[Supplied records Boundary: Start]

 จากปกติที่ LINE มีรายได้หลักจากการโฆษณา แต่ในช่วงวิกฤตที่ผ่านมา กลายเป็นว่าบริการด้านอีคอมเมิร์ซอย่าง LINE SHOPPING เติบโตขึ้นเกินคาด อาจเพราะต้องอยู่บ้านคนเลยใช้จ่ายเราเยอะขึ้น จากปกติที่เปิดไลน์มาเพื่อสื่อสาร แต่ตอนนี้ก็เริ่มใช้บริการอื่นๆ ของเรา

[Supplied records Boundary: End]
[Supplied records Boundary: Start]

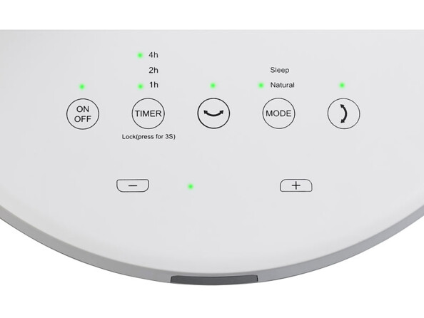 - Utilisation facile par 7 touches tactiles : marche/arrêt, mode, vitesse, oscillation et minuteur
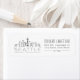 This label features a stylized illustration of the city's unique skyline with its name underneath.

[Supplied records Boundary: End]

__Task goal__
In the listing above, find the line containing "- Utilisation facile" and the line containing "This label features", then return both of them and every line between, exactly, without pictures.

__Solution for this problem__
 - Utilisation facile par 7 touches tactiles : marche/arrêt, mode, vitesse, oscillation et minuteur
 This label features a stylized illustration of the city's unique skyline with its name underneath.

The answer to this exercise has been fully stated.